Please note that in order to ensure a good zero flow performance, the sample solution has to be miscible and must have the same density as the buffer medium that fills the microfluidic system.

Applications

Results of a wide variety of applications can be improved by achieving stop flow in a microfluidic chip, from cell migration study due to chemotaxis (Yang et al., 2015) and precisely measure the performance of a microfluidic fuel cell (Cuevas-Muñiz et al. 2012) to long-term cell culture and detection (Sang et al. 2015).

This feature is also key in microscope-based projection photolithography and the formation of non-spherical particles (Dendukuri et al. 2007). Controlling perfectly how to stop the flow enables to decrease the number of imperfections on polymeric microparticles formed in situ and the automation increases the rate of formation. The advantage of the set-up including the MUX Cross Chip is mostly to work at very low volumes which is an interesting feature when one needs to reduce the mixing times, study reaction kinetics or minimize the volume in IR spectroscopy.

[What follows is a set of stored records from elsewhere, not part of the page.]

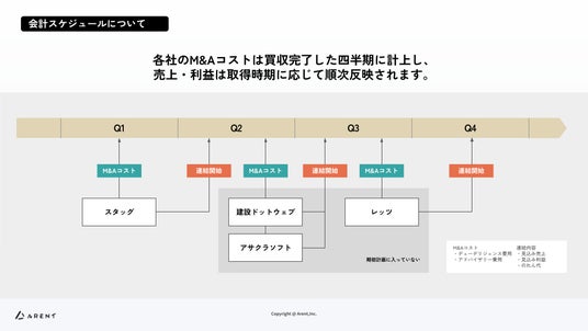 本件に伴う株式取得費用・アドバイザリー費用などの一過性のコストは、2025年6月期第3四半期に計上される想定です。一方で、レッツの売上および利益は、第4四半期からの連結取り込みを想定しています。また、今期の通期業績予想には、スタッグ社までのM&Aの影響は織り込んでいますが、建設ドットウェブ、アサクラソフト、本件レッツの3社については織り込んでいません。現在、これらを踏まえた計画の精査を進めており、必要があれば速やかに開示を行います。
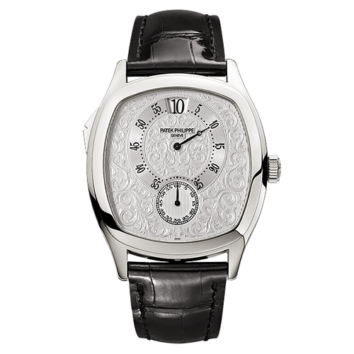 Il cuore del 5275P batte al ritmo del calibro Patek Philippe 32-650 HGS PS, un movimento manuale che combina tre funzioni di complicazione in una densità costruttiva straordinaria: il minuterie (ore e minuti a salto), i secondi a salto e il carillon acustico a ore. Ogni meccanismo è indipendente e sincronizzato attraverso una serie di cammelli, bilancieri e assi che giustificano 803 componenti e un'altezza totale di 4,24mm. La cassa in platino 950 misura 39,80mm di diametro e 10,6mm di spessore, con il fondello trasparente che svela la complessità costruttiva del movimento. Il quadrante nero o argentato è ornato da lance dorate e indici applicati che rimandano alla simbologia dell'orologeria d'epoca, mentre la corona a vite garantisce la sigillatura fino a 30 metri d'acqua — una profondità raramente sfruttata da un orologio di questa categoria.
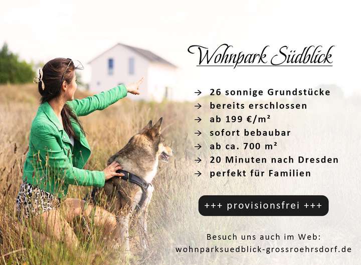 🏡 Herzlich Willkommen im Wohnpark Südblick, deinem exklusiven Areal für individuellen Wohnraum in Großröhrsdorf in der Nähe von Dresden! Unser Baugebiet umfasst 26 voll erschlossene und provisionsfreie Grundstücke, die sich perfekt für Familien und Paare eignen. Ideal, um dein Traumhaus zu verwirklichen.
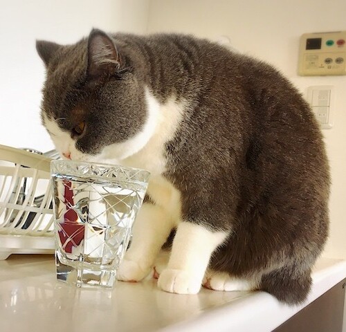 半端ない目力で、毎晩お水を眺められる梅子さん(^^;;
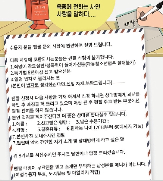 옥바라지 업체의 광고를 확인한 결과, 해당 펜팔 신청에는 제한이 있었다. 강도·살인, 성범죄, 또는 5년 이상의 중형을 선고받은 재소자는 신청할 수 없었다.
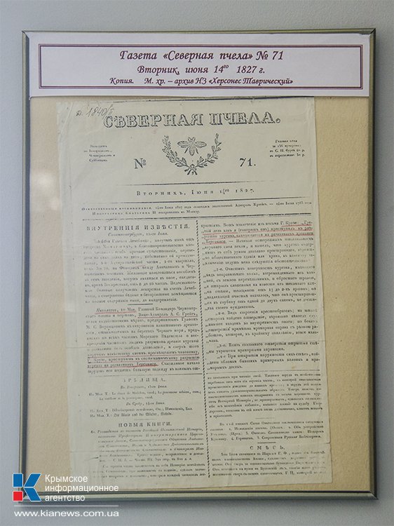 Еще одной выставкой порадовали научные сотрудники заповедника. Экспозиция «И не предам Херсонеса. История, люди, находки» рассказывает о музейной жизни – с момента первого дня раскопок 19 ноября 1827 года. Кроме прочих экспонатов, на выставке представлено письменное свидетельство о начале исследований в Херсонесе в виде копии статьи в петербургской газете «Северная пчела» и уникальные архивные документы по истории исследования Херсонеса.
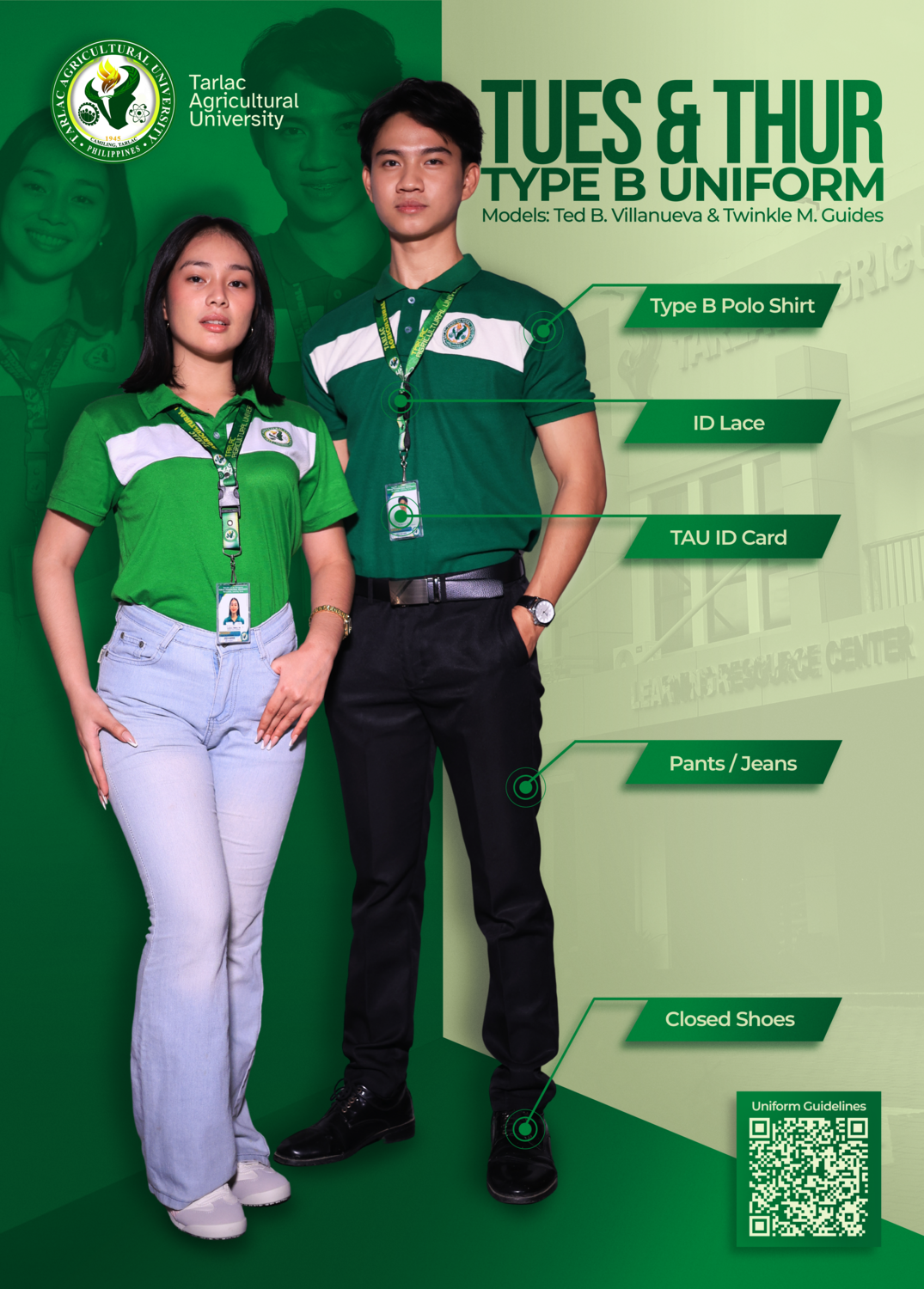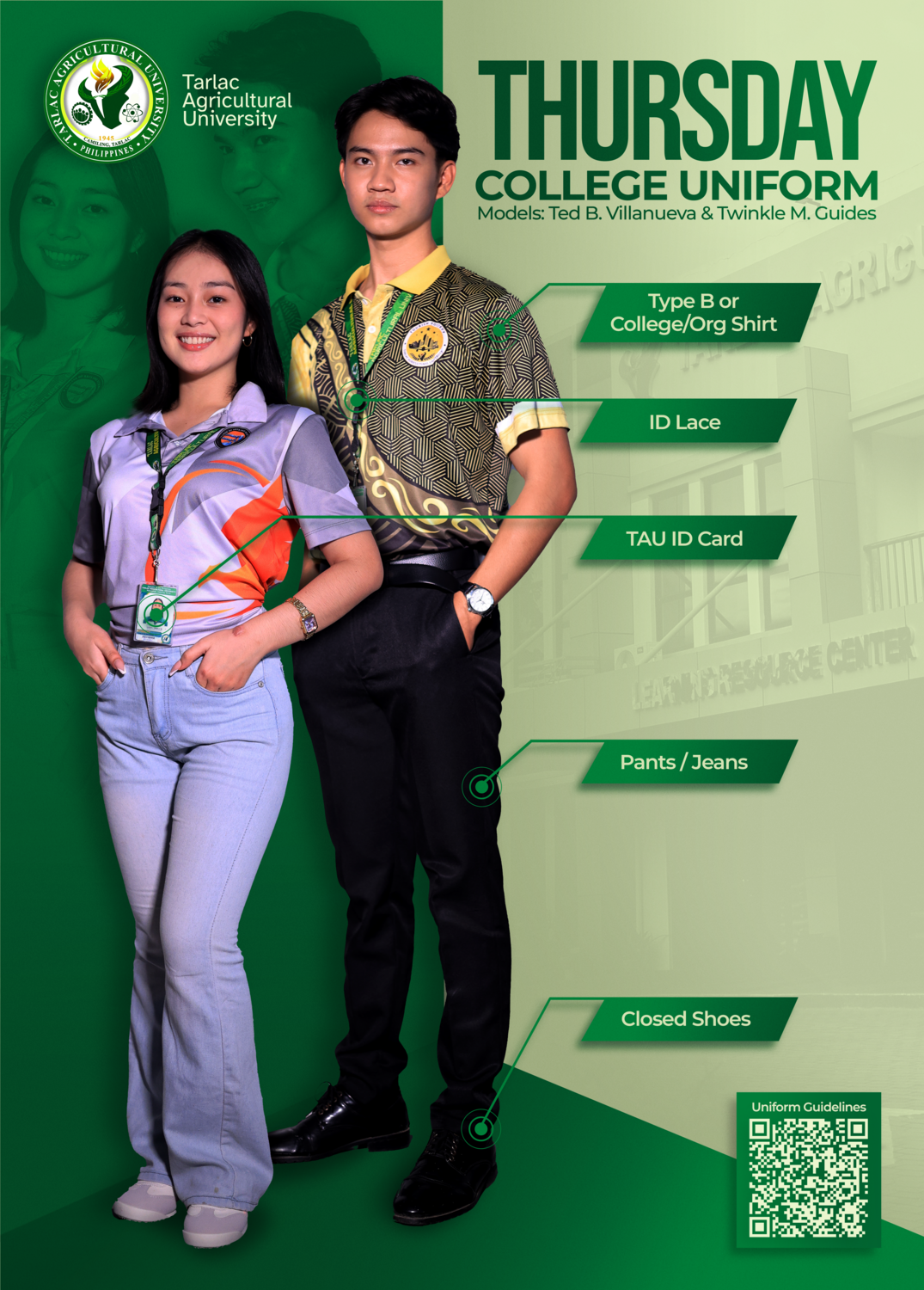 A friendly reminder that the prescribed dress code and uniform schedule are in full effect. Please be guided accordingly and ensure you follow the assigned uniforms for each day. Also, remember that your official TAU Identification Card is required to be worn visibly at all times within the campus.

The MUX Cross Chip setup for stop flow

Principle

The MUX Cross Chip is a matrix of microfluidic valves that can be used for multiple applications, including stop flow but also phase injection sequences, flow focusing, etc.
Setting the pressure applied by the OB1 pressure controller at 0 mbar is not sufficient to totally stop instantaneously the flow as the pressure can take some time to stabilize, thus creating some residual flow at first.
A setup using a MUX Cross Chip has been developed to balance the pressure between the inlet and the outlet of the microfluidic chip, by applying the pressure from the OB1 flow controller. A syringe is used to perform a low volume injection experiment where the sample can be perfectly injected and controlled inside the chip. For example, it is possible to flow the sample both ways in the chip by applying successive positive and negative flows.

The sample is injected into the microfluidic chip using a syringe and a T-junction.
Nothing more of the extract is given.